I laughed bitterly. "Freeloading? I pay rent. "

"Not the market rate you don't."

Jesus fuck, this asshole. Market rate was sky-high thanks to it being lakefront property.

"I could rent it to vacationers," he carried on. "Then you'd really be out on your ass."

I was over this night. Over this fight. All my poking and prodding had gotten me exactly what I wanted, and now I was done.

"Do what you need to do," I said. "I'll find another place."

He scoffed. "Yeah, right."

"I mean it. Living in Swallow Cove would be a lot more convenient anyway." I shot him a look. "And I meant what I said, I'm not filling in at DreamBoats anymore. I'm done with it."

And you.

He snorted. "Clean up this mess before you go to bed."

"You're welcome for the sandwich," I called after him. The fucker didn't even turn around.

I slumped onto the barstool and texted Mel.

I've got to get my own place again. Are you sure you won't marry me and pay half my bills?

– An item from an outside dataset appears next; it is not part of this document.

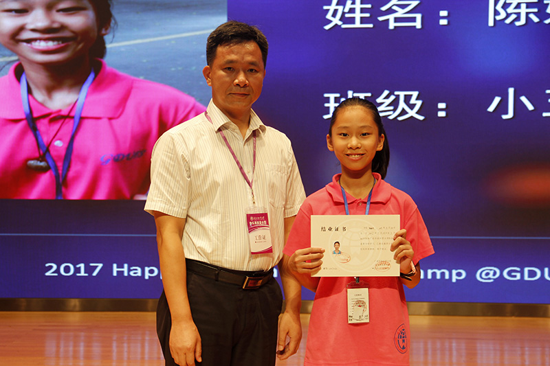 彭陟宣读了关于表彰2017快乐英语夏令营优秀学员、优秀班干部和优秀通讯员等的决定。随后,任跃忠为学员颁发结业证书并合影留念。
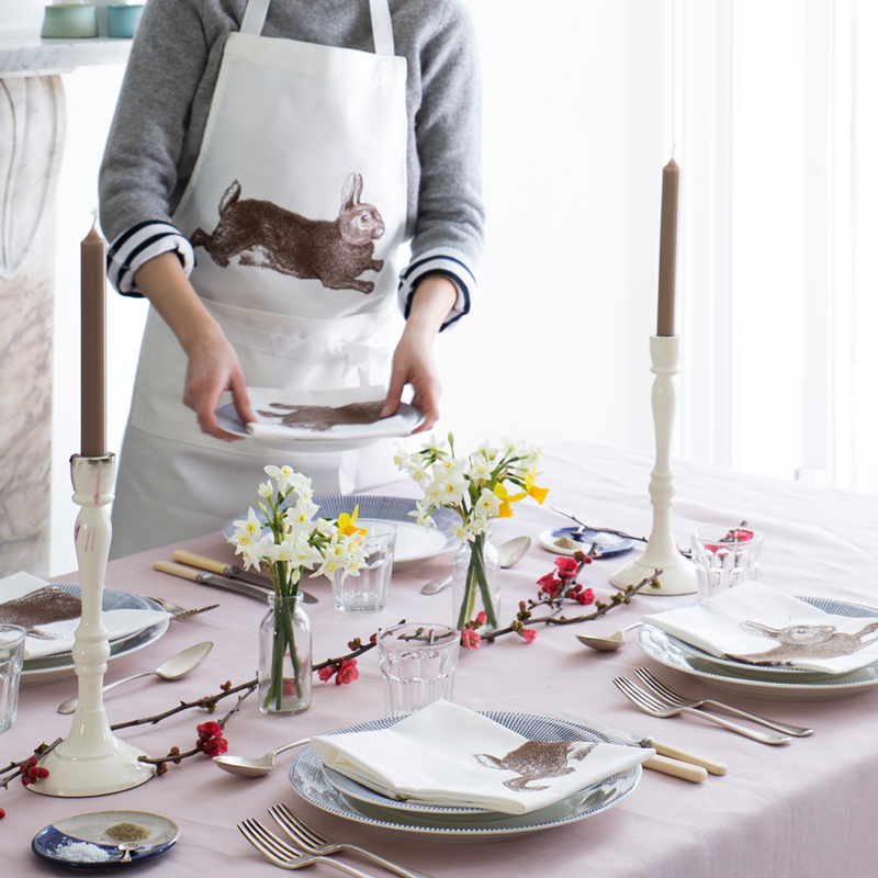 Let the bunny venture into your kitchen with our Rabbit apron. Screen printed onto a 100% cotton, this pretty and practical apron is the perfect cover up for the serious cook.

Not a chance, but I'll help you shop for apartments. It'll be fun to see the horror on your face when you see how the rest of us have to live.

I've lived rough. I lived with you, didn't I?

You're hilarious, Ash. I don't know why things never worked out for us.

It's a mystery , I typed out.

That was a joke, of course. We both knew what went wrong. I just preferred not to think about it too hard. I had enough on my plate without dwelling on my tangled feelings about my ex and my ex-best friend.